Data:
'''

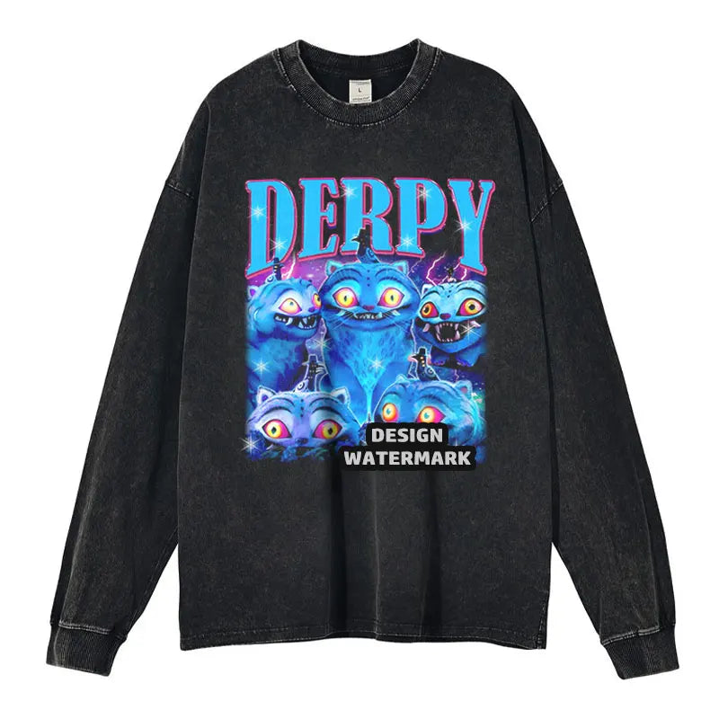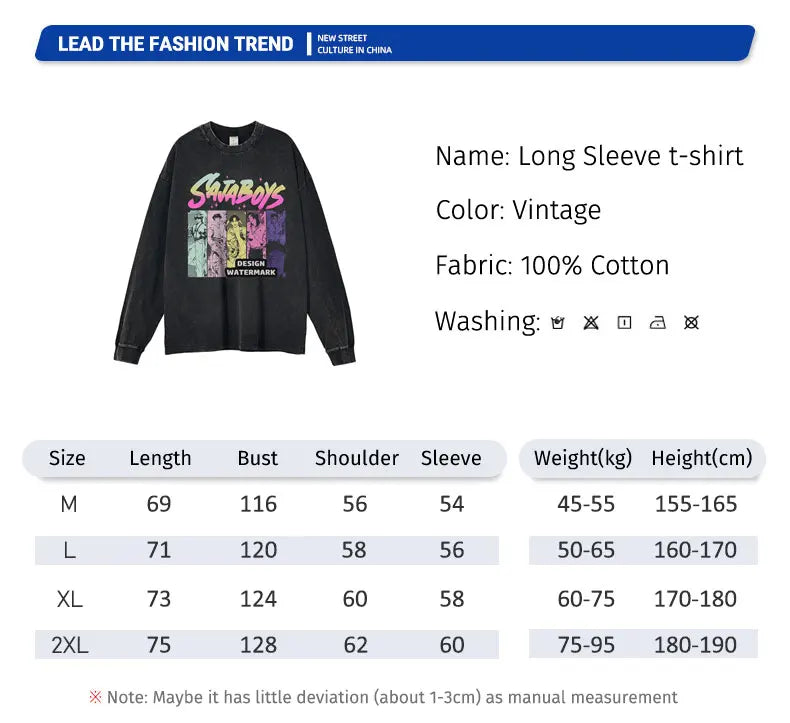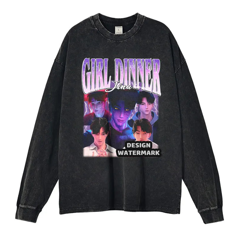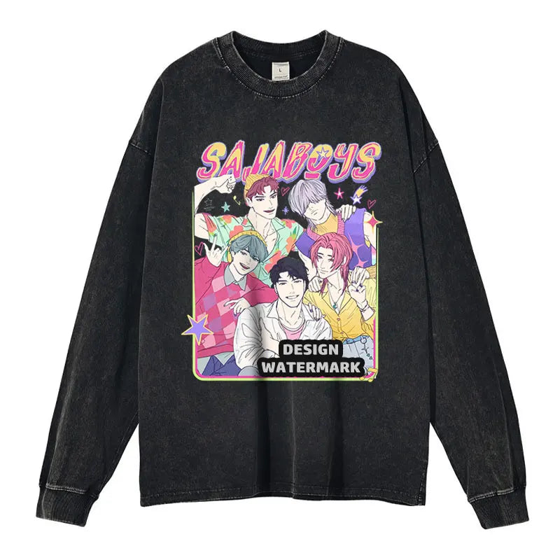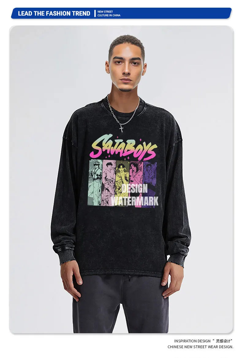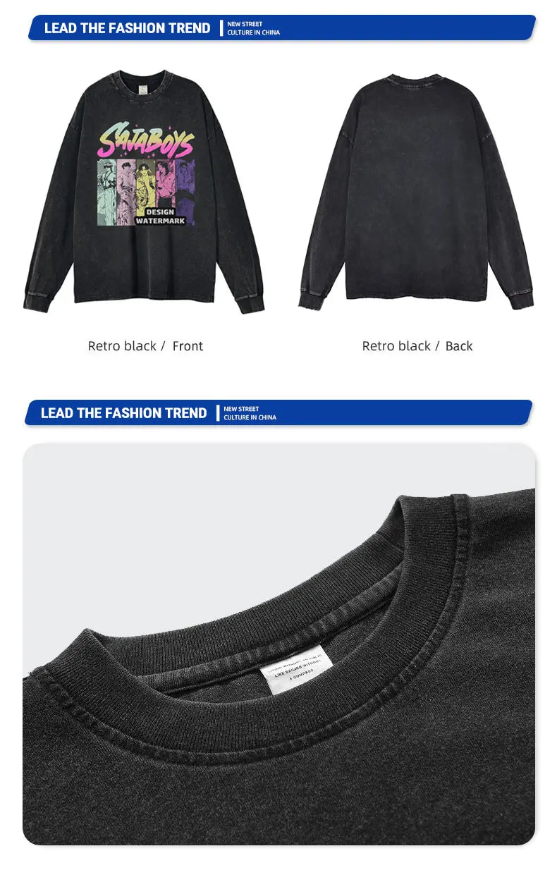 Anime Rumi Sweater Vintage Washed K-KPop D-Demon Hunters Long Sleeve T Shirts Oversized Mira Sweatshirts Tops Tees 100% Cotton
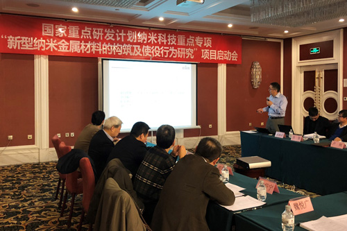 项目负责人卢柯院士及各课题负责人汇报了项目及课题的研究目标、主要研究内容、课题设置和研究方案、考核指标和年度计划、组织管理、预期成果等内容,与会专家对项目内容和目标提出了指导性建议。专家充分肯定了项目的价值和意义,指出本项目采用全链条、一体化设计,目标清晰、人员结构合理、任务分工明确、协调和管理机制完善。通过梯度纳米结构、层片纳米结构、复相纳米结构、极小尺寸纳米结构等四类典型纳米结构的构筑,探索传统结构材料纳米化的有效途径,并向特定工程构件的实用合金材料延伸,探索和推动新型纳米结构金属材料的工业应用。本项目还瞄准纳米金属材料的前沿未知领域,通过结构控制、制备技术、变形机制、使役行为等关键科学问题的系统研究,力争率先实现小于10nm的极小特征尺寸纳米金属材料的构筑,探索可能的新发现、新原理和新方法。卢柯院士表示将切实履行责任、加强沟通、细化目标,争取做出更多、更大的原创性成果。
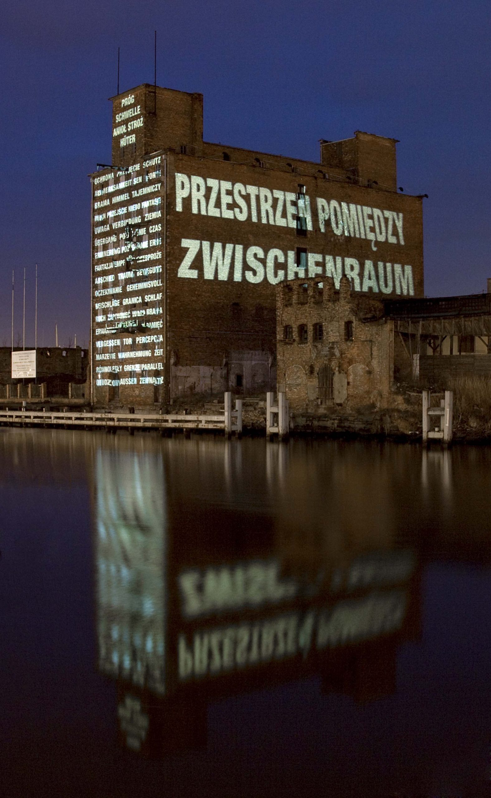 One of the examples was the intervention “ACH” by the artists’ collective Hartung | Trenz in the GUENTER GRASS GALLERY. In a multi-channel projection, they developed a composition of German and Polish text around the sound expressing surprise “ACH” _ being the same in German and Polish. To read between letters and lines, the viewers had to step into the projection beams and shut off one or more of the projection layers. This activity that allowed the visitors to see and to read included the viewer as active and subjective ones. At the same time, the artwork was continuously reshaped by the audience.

'''

Your assignment:
Print the material above verbatim except the pictures.

Written answer:
 Anime Rumi Sweater Vintage Washed K-KPop D-Demon Hunters Long Sleeve T Shirts Oversized Mira Sweatshirts Tops Tees 100% Cotton
 项目负责人卢柯院士及各课题负责人汇报了项目及课题的研究目标、主要研究内容、课题设置和研究方案、考核指标和年度计划、组织管理、预期成果等内容,与会专家对项目内容和目标提出了指导性建议。专家充分肯定了项目的价值和意义,指出本项目采用全链条、一体化设计,目标清晰、人员结构合理、任务分工明确、协调和管理机制完善。通过梯度纳米结构、层片纳米结构、复相纳米结构、极小尺寸纳米结构等四类典型纳米结构的构筑,探索传统结构材料纳米化的有效途径,并向特定工程构件的实用合金材料延伸,探索和推动新型纳米结构金属材料的工业应用。本项目还瞄准纳米金属材料的前沿未知领域,通过结构控制、制备技术、变形机制、使役行为等关键科学问题的系统研究,力争率先实现小于10nm的极小特征尺寸纳米金属材料的构筑,探索可能的新发现、新原理和新方法。卢柯院士表示将切实履行责任、加强沟通、细化目标,争取做出更多、更大的原创性成果。
 One of the examples was the intervention “ACH” by the artists’ collective Hartung | Trenz in the GUENTER GRASS GALLERY. In a multi-channel projection, they developed a composition of German and Polish text around the sound expressing surprise “ACH” _ being the same in German and Polish. To read between letters and lines, the viewers had to step into the projection beams and shut off one or more of the projection layers. This activity that allowed the visitors to see and to read included the viewer as active and subjective ones. At the same time, the artwork was continuously reshaped by the audience.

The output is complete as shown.